Myrna Loy was an American actress. Trained as a dancer, she devoted herself fully to an acting career following a few minor roles in silent films. Originally typecast in exotic roles, often as a vamp or a woman of Asian descent, her career prospects improved following her portrayal of Nora Charles in The Thin Man. Her successful pairing with William Powell resulted in fourteen films together, including several subsequent Thin Man films.
Loy was born Myrna Adele Williams to Adelle Mae and rancher David Franklin Williams in Radersburg, Montana, a small town near Helena. She was of Welsh and Scottish ancestry. Loy’s first name came from a train station whose name her father liked. Her father was also a banker and real estate developer and the youngest man ever elected to the Montana state legislature. Her mother studied music at the American Conservatory of Music in Chicago.
During the winter of 1912, Loy’s mother nearly died from pneumonia, and her father sent his wife and daughter to La Jolla, California. Loy’s mother saw great potential in Southern California, and during one of his visits she encouraged her husband to purchase real estate there. Among the properties he bought was land he later sold at a considerable profit to Charlie Chaplin so the filmmaker could construct his studio there. Although Loy’s mother tried to convince her husband to move to California permanently, he preferred ranch life and the three eventually returned to Montana.
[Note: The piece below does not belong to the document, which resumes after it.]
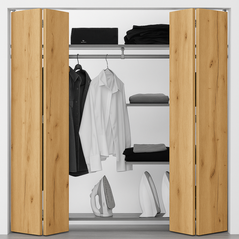 Das EKOFOLD-System ist so konzipiert, dass es den Raum mit einer Falttür abschließt, die sich beim Öffnen einfach zur Seite faltet. Das spart Platz und eignet sich besonders für Garderoben, Schränke, Hauswirtschaftsräume oder kleinere Räume.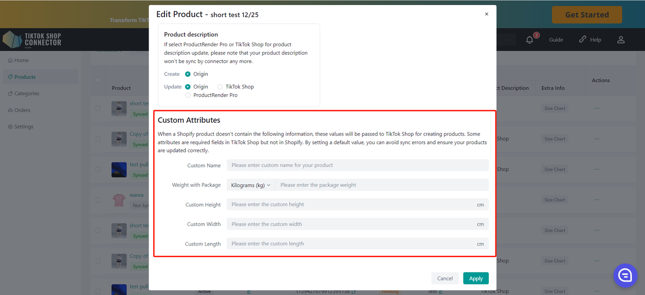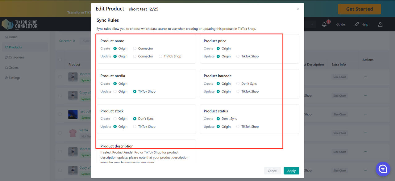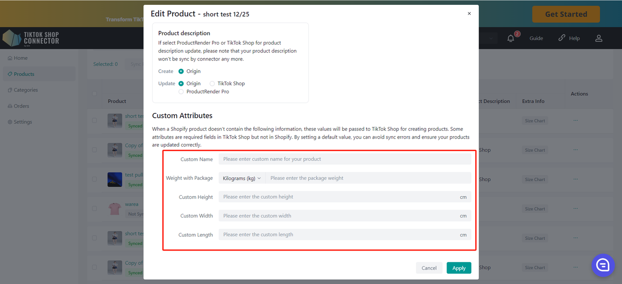 Aktualizacje wykonane w Connectorze Silk (przesyłanie certyfikatów, brandów, atrybutów, tabel rozmiarów) również muszą zostać zsynchronizowane do TikTok Shop.

Soon after, Loy’s mother needed a hysterectomy and insisted Los Angeles was a safer place to have it, so she, Loy, and Loy’s brother David moved to Ocean Park, where Loy began to take dancing lessons. They continued after she returned to Montana, and at the age of twelve Myrna Williams made her stage debut performing a dance she choreographed based on The Blue Bird from the Rose Dream Operetta at Helena’s Marlow Theater.
Following her father’s death, Loy and her family fulfilled her mother’s dream by moving to Culver City. She attended the exclusive Westlake School for Girls in Holmby Hills and continued to study dance in Downtown Los Angeles. When her teachers objected to her participating in theatrical arts, her mother enrolled her in Venice High School, and at fifteen she began appearing in local stage productions.